Introduction

Background introduction

Early big data processing mainly relied on offline processing, with technologies like Hadoop effectively solving the problem of analyzing large-scale data. However, processing efficiency was inadequate for high real-time demand scenarios. The emergence of stream computing engines, represented by Storm, effectively addressed the issue of real-time data processing, improving processing efficiency. However, Storm itself does not provide state management capabilities and is powerless in handling stateful computations such as aggregation. The emergence of Flink effectively addressed this shortcoming by introducing state management and checkpoint mechanisms, achieving efficient stateful stream computing capabilities.

As real-time data processing scenarios evolve, particularly in real-time data warehousing scenarios, real-time relational operations (i.e. stream join) increasingly become a challenge in realizing data real-time. Although Flink has excellent state management capabilities and outstanding performance, its performance bottleneck becomes more pronounced when handling join operations, especially when it involves three or more degrees of join. This is because each end of the join requires its own data state, and when there are multiple joins, the amount of data in the state increases significantly, making it difficult to accept in terms of performance. The root cause of this problem is that streaming computing systems like Flink use tables as their data model. However, the table model is a two-dimensional structure that does not include relationship definitions and storage, and when handling relationship operations, it can only be achieved through join operations, which incurs high costs.

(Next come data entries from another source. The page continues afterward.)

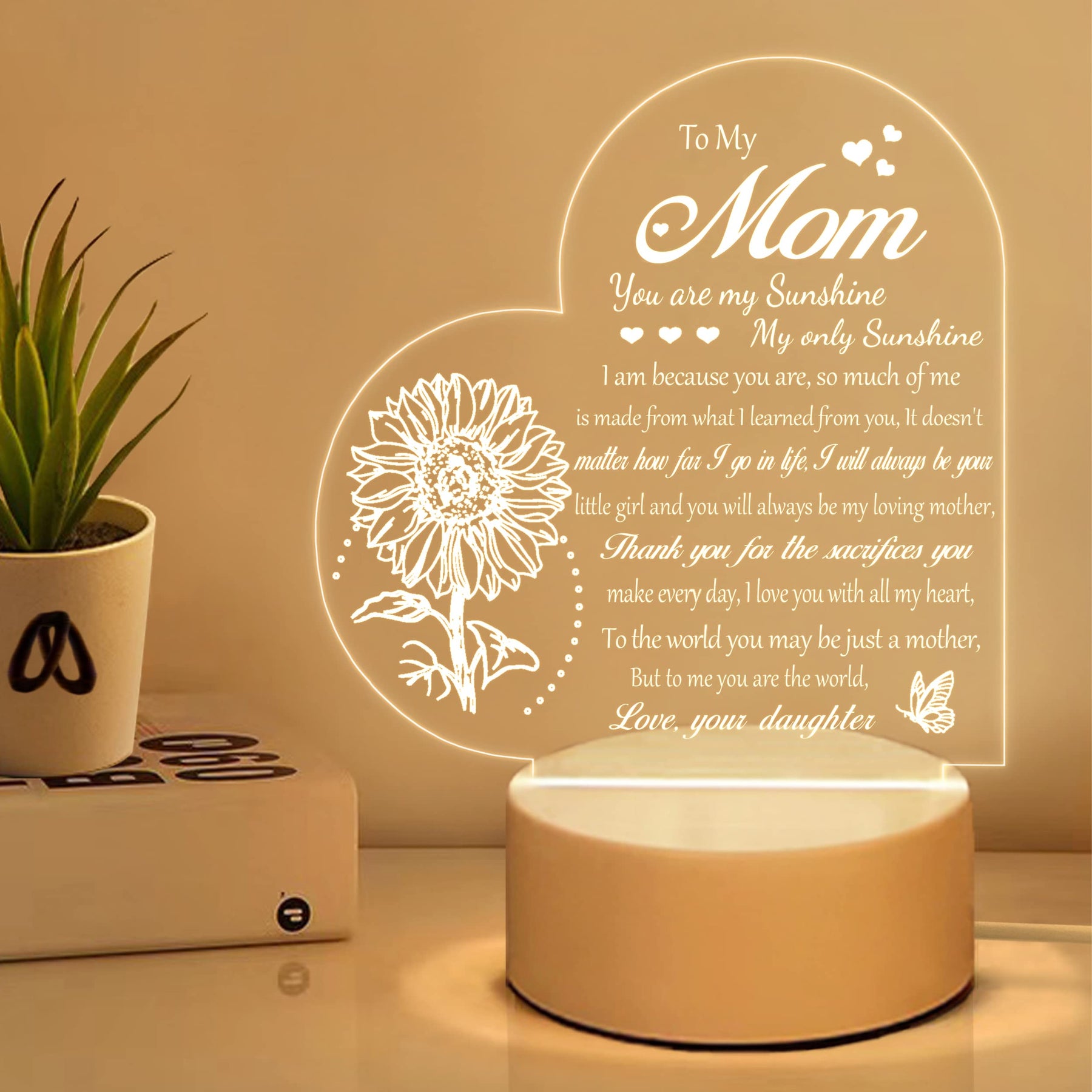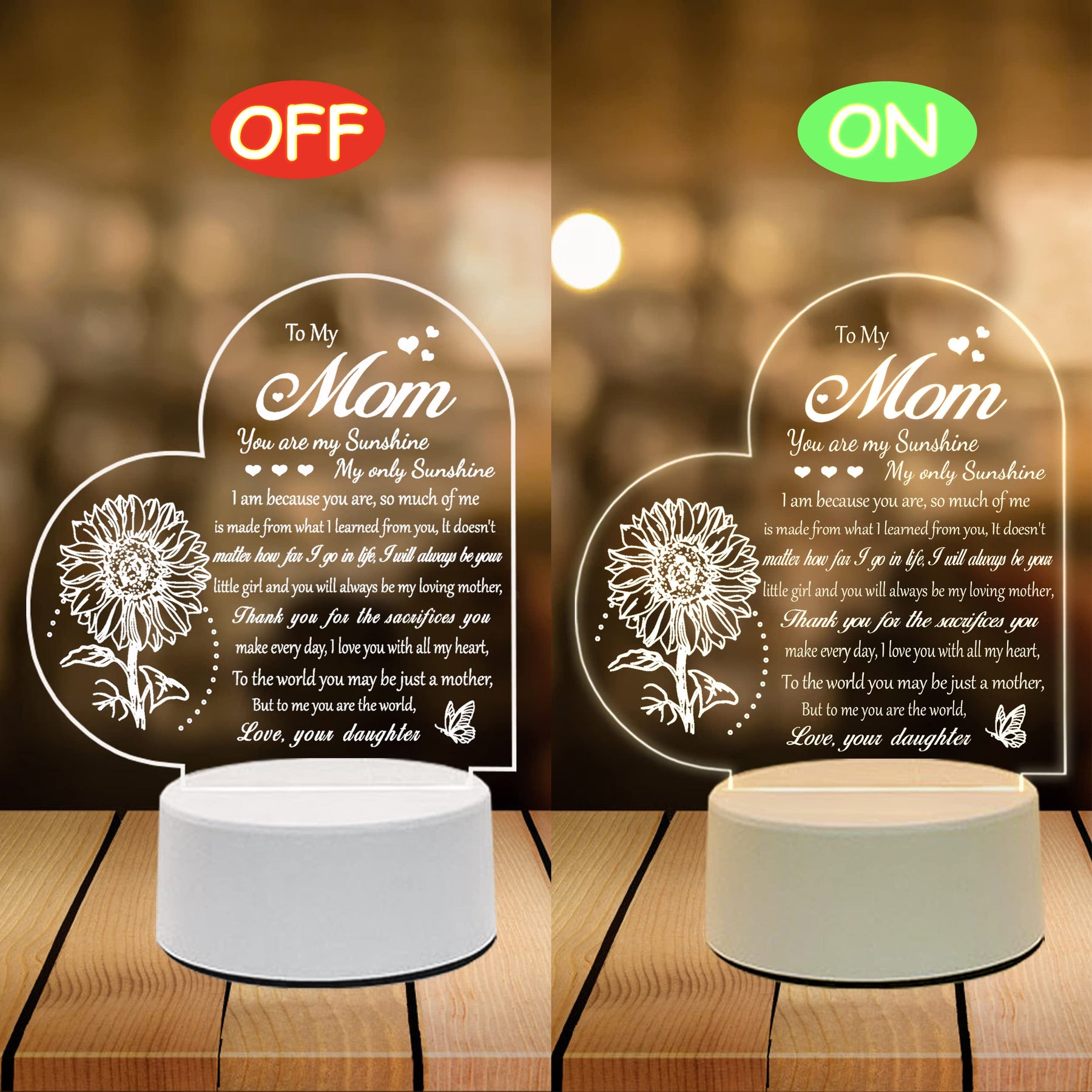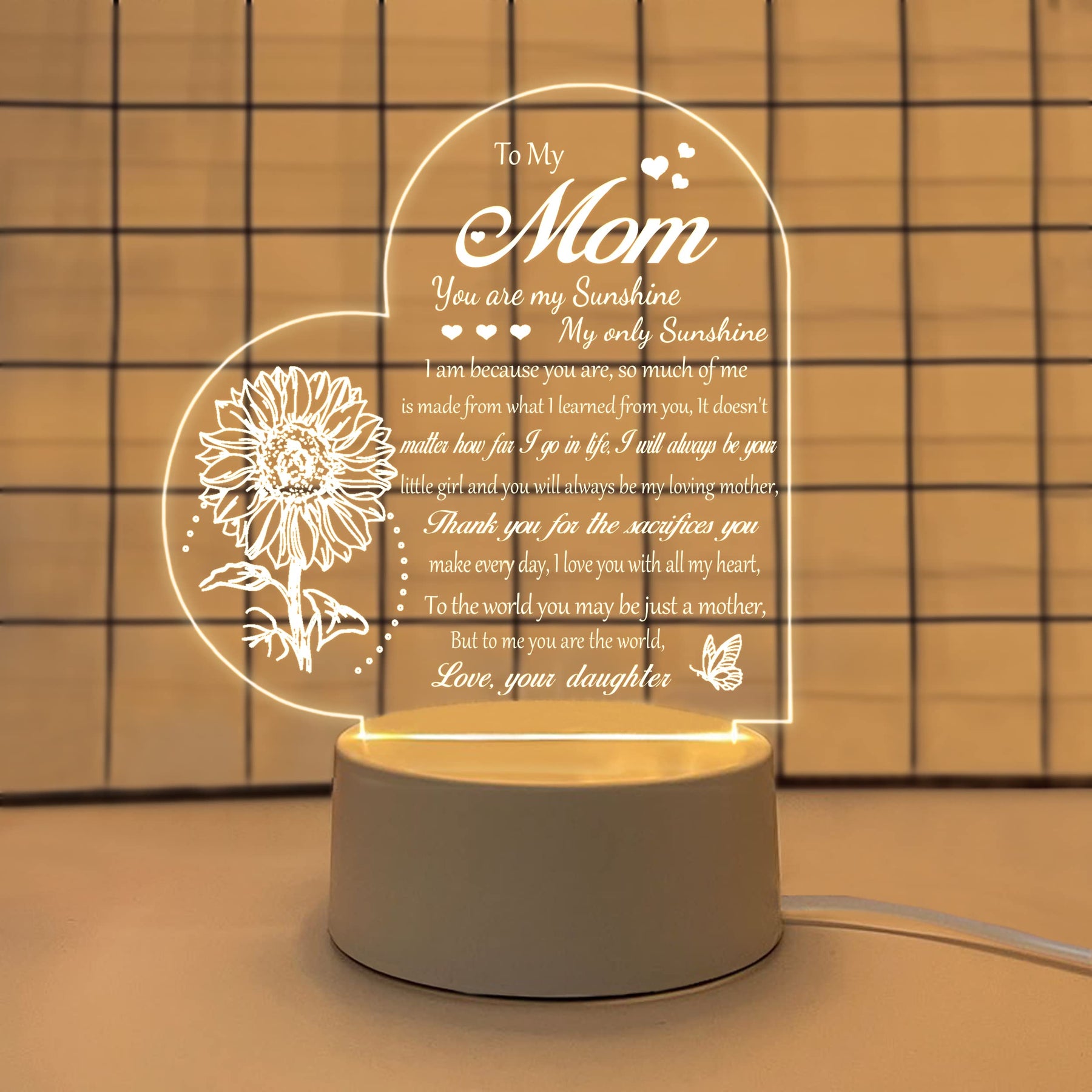 LE XIAOXI Mom Gifts, Gifts for Mom from Daughter - Acrylic Engraved Night Light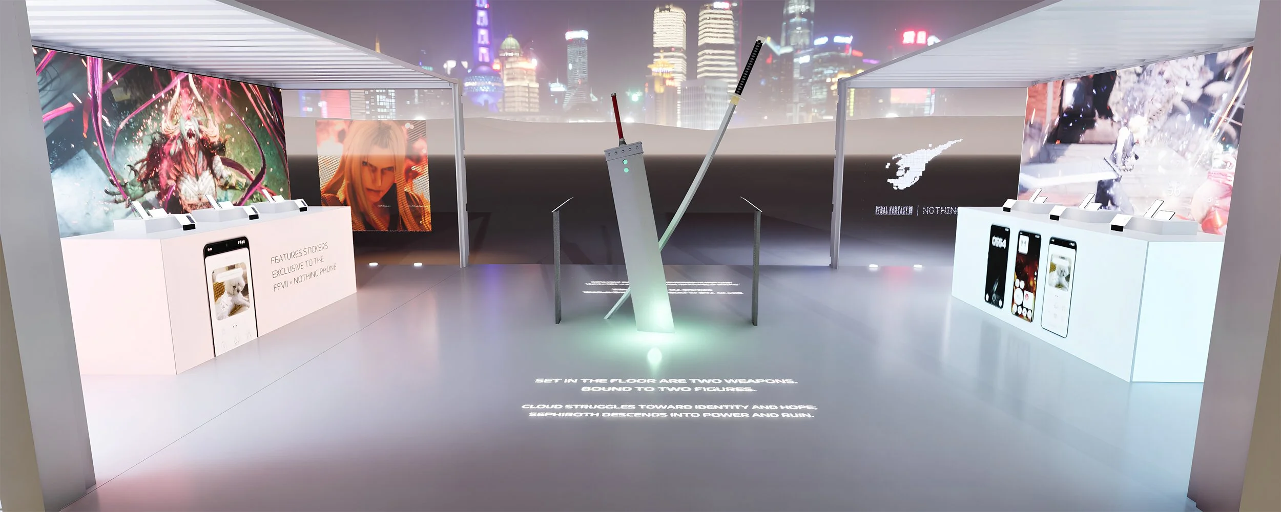 A pop-up experience of a product launch between Final Fantasy VII and Nothing. The identity of both brands is preserved through the collab’s sleek and futuristic feel while providing an engaging and immersive experience.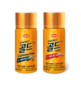 한미약품의 에너지골드는 약국에서만 유통되는 프리미엄 드링크제로, 카페인 함유 여부에 따라 2종으로 출시됐다.

In Ant Financial's big data scenarios, particularly in financial risk control and real-time data warehousing, there are a large number of join operations, and how to improve the efficiency and performance of joins has become an important challenge we face. We have introduced the graph model, which is a data model that describes entity relationships using a point-edge structure. In the graph model, points represent entities, and edges represent relationships, and the data is stored together at the point-edge level. Therefore, the graph model naturally defines relationships and simultaneously materializes point-edge relationships at the storage level. Based on the graph model, we have implemented the next-generation real-time computing engine, GeaFlow, which effectively addresses the problem of complex relationship operations that traditional streaming computing engines face. Currently, GeaFlow has been widely used in scenarios such as data warehousing acceleration, financial risk control, knowledge graphs, and social networks.

Architecture

The overall architecture of GeaFlow is as follows:

geaflow_arch

  • DSL Layer: GeaFlow has designed a fusion analysis language, SQL+GQL, which supports unified processing of table models and graph models.
  • Framework Layer: GeaFlow has designed two sets of APIs for graph and stream, supporting the fusion computation of streaming, batch, and graph processing. It has also implemented a unified distributed scheduling model based on Cycle.
  • State Layer: GeaFlow has designed two sets of APIs for graph and key-value storage, supporting the mixed storage of table data and graph data. The overall design follows the Sharing Nothing principle and supports the persistence of data to remote storage.
  • Console Platform: GeaFlow provides an all-in-one graph development platform, implementing the capabilities of graph data modeling, processing, and analysis. It also provides operational and control support for graph tasks.
  • Execution Environment: GeaFlow can run in various heterogeneous execution environments, such as K8S, Ray, and local mode.

Application Scenarios

Real-time Data Warehouse Acceleration

In data warehouse scenarios, there are a large number of join operations, and in the DWD layer, it is often necessary to expand multiple tables into one large wide table to speed up subsequent queries. When the number of tables involved in a join increases, traditional real-time computing engines find it difficult to ensure the efficiency and performance of joins. This has become a challenging problem in the field of real-time data warehousing. GeaFlow's real-time graph computing engine can effectively address this problem. GeaFlow uses the graph as its data model, replacing the wide tables in the DWD layer, and can realize real-time graph construction. At the query stage, utilizing the point-edge materialization characteristics of the graph can greatly accelerate relationship operation queries. The following is the process diagram of GeaFlow's real-time data warehouse acceleration:

Real-time Attribution Analysis

Under the background of informationization, channel attribution and path analysis of user behavior are the core of traffic analysis. By calculating the effective behavior path of users in real-time, and constructing a complete conversion path, it can quickly help businesses understand the value of products and assist operations in adjusting their strategies in a timely manner. The core points of real-time attribution analysis are accuracy and effectiveness. Accuracy requires ensuring the accuracy of user behavior path analysis under controllable costs. Effectiveness requires high real-time calculation to quickly assist business decision-making. Based on the capabilities of the GeaFlow's streaming computing, accurate and timely attribution analysis can be achieved. The following figure shows how this is accomplished: attribution_analysis Firstly, GeaFlow converts the user behavior logs into a user behavior topology graph in real-time, with users as the vertex and every behavior related to them as an the edge towards the buried page. Then, GeaFlow analyzes the subgraph of user behavior in advance using its streaming computing capability, and based on the attribution path matching rule, matches and calculates the attribution path of the corresponding user for the transaction behavior, and outputs it to the downstream systems.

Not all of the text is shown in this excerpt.